To elaborate further, try typing 22222.09482
in one cell, and typing 22222.0948199999
(five trailing nines) in another cell. Excel should pick the two IEEE representatives indicated by the arrow above. And I think it does, because you can calculate the difference of these two cells to get 9.82254E-11
. But both are shown in the same way.
If Excel had shown the first 17 digits, that would be helpful to pick out exactly what IEEE number is "underneath" the decimal number. In that case:
22222.0948199999 --> 22222.09481 99999 00
22222.09482 --> 22222.09481 99999 98
But showing 15 digits rounded in an incorrect way, is misleading and unhelpful.
Before anyone claims it is intentional, then why does 8.7
not show the same behavior?

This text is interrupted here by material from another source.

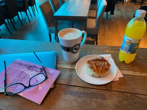 Går mot mitt favorithak här i Limhamn för att sätta mig och skriva och plugga. Försöker att tänka efter när jag senast var där med det här syftet. Måste ha varit förra hösten innan den svenska större nedsstängningen skedde. Det är fortfarande långt mellan borden, så det känns coronasäkert.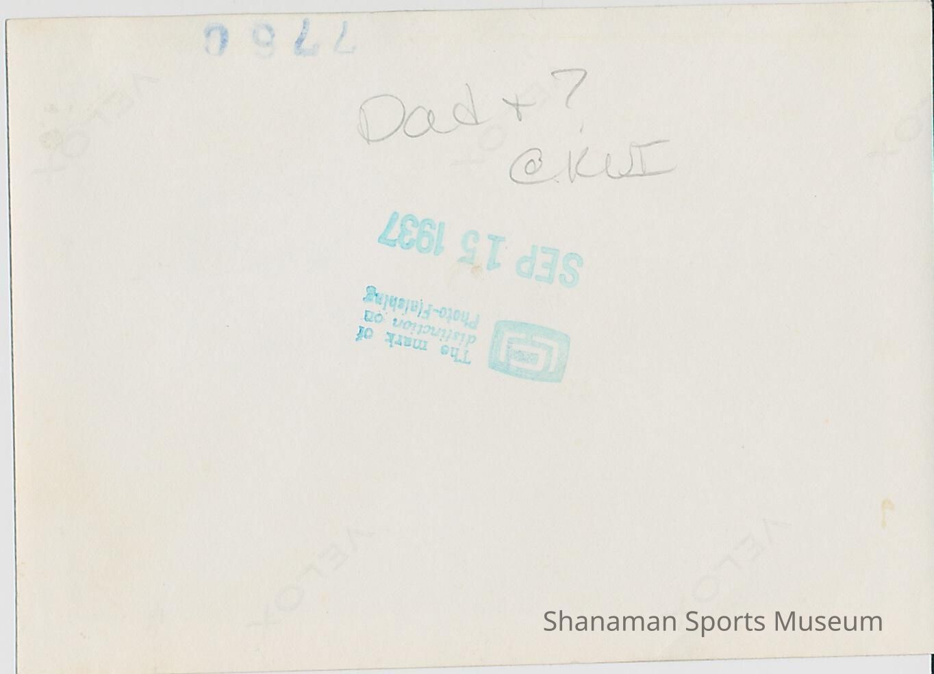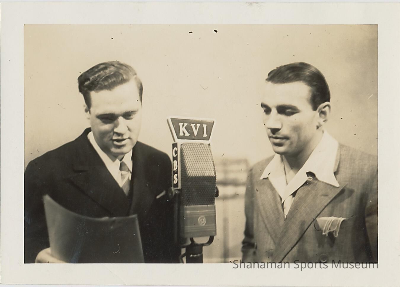 B&W photo of Jerry Geehan holding a piece paper interviewing unidentified man; outside setting (written on back "Dad +? @ KUI")

The nearest double-precision number to 8.7
is:
8.69999999999999 93
so it should show as 8.69999999999999
if this was intentional. But it does not.
Solution 2:
Excel stores numbers in IEEE 754 binary 64-bit floating point format. The key is "stores" - the change from decimal to binary takes place whenever a number is stored, not just when it is used in an actual calculation.
A nice article on this is at Understanding Floating Point Precision, aka “Why does Excel Give Me Seemingly Wrong Answers?”

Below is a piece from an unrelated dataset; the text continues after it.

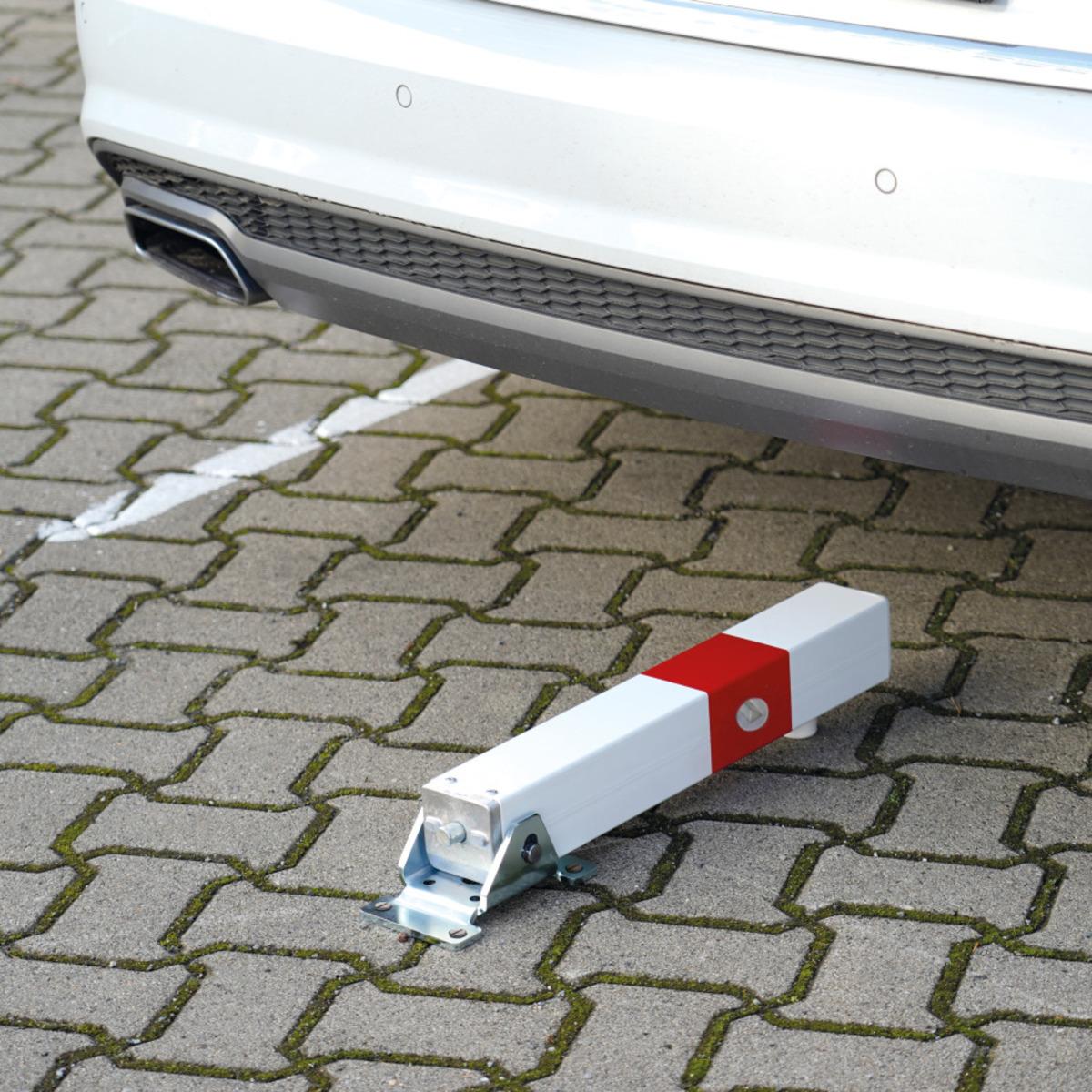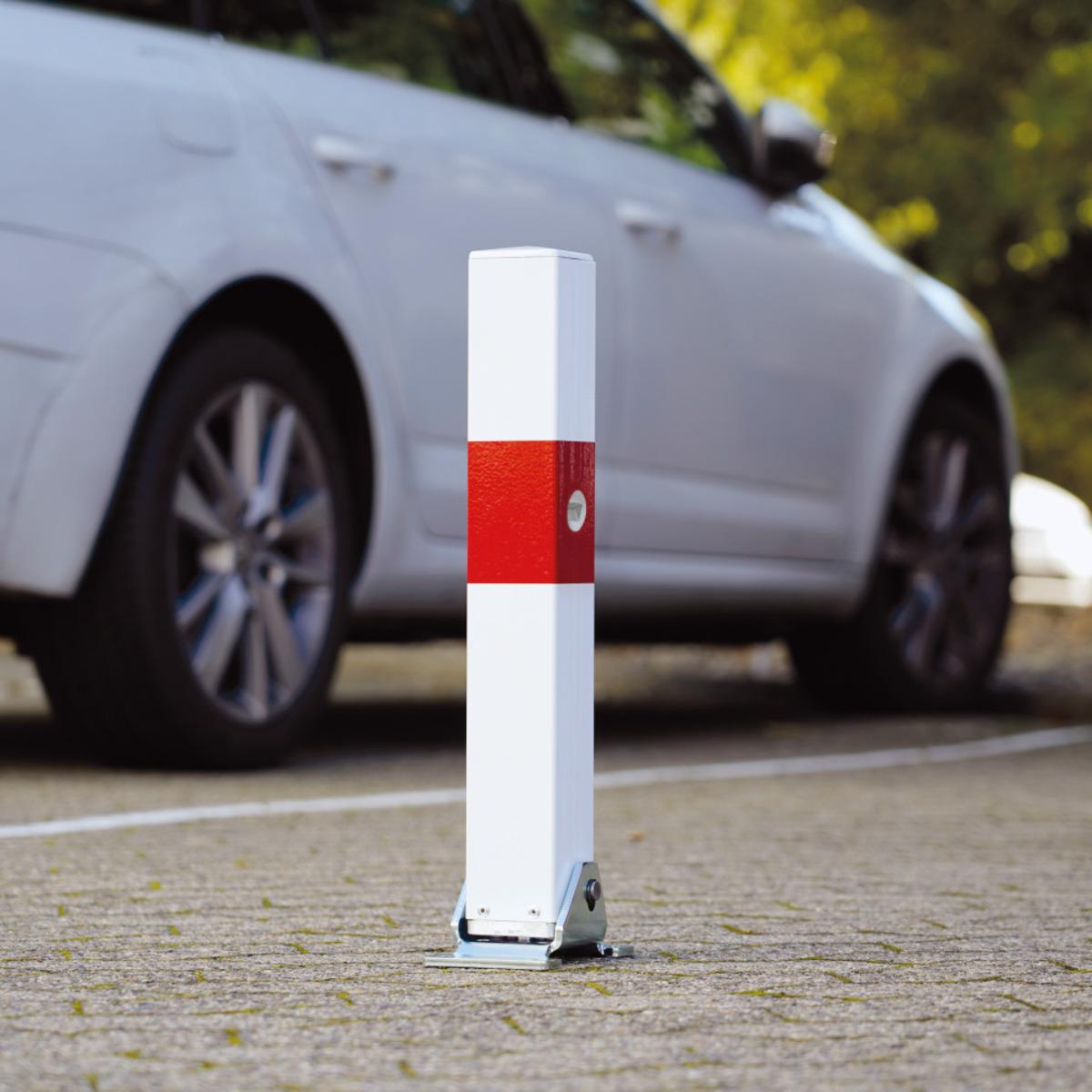 Umklappbarer Absperrpfosten Rom Mini zum Sperren von Ein- und Ausfahrten, Parkplätzen oder Privatwegen, roter Reflexstreifen für gute Sichtbarkeit auch im Dunkeln, Auflage mit Gummipuffer

It is possible to make a spreadsheet program that would handle really big numbers with a lot of significant digits. But it isn't terribly practical. Excel could have been designed to use the IEEE 754 decimal128 format, which allows for 34 decimal digits - more than enough to store 22222.09482. But instead it uses the far more common binary64 Double Precision format, which has 53 bits of precision, which is just under 16 digits. While you might think that would be enough for a number with only 10 digits in it, conversion from decimal to binary complicates things a bit - i.e., 2222209482 can be stored 100% correctly as a binary64 number, but 22222.09482 can not.
Keep in mind that typically spreadsheets are used for financial data, which typically does not require so many digits of precision, or for "what if" modeling in a variety of scenarios, where a super-high level of precision is not needed. There are certainly other tools (and probably other spreadsheet programs, but I haven't searched lately) that either by default or by special configuration settings can use a larger numeric format, but Excel isn't one of them.
For those who point out that LibreOffice handles this better, looks can be deceiving. See this post for more details. It seems that LibreOffice handles large numbers slightly differently but has the same basic 64-bit floating point representation with similar problems.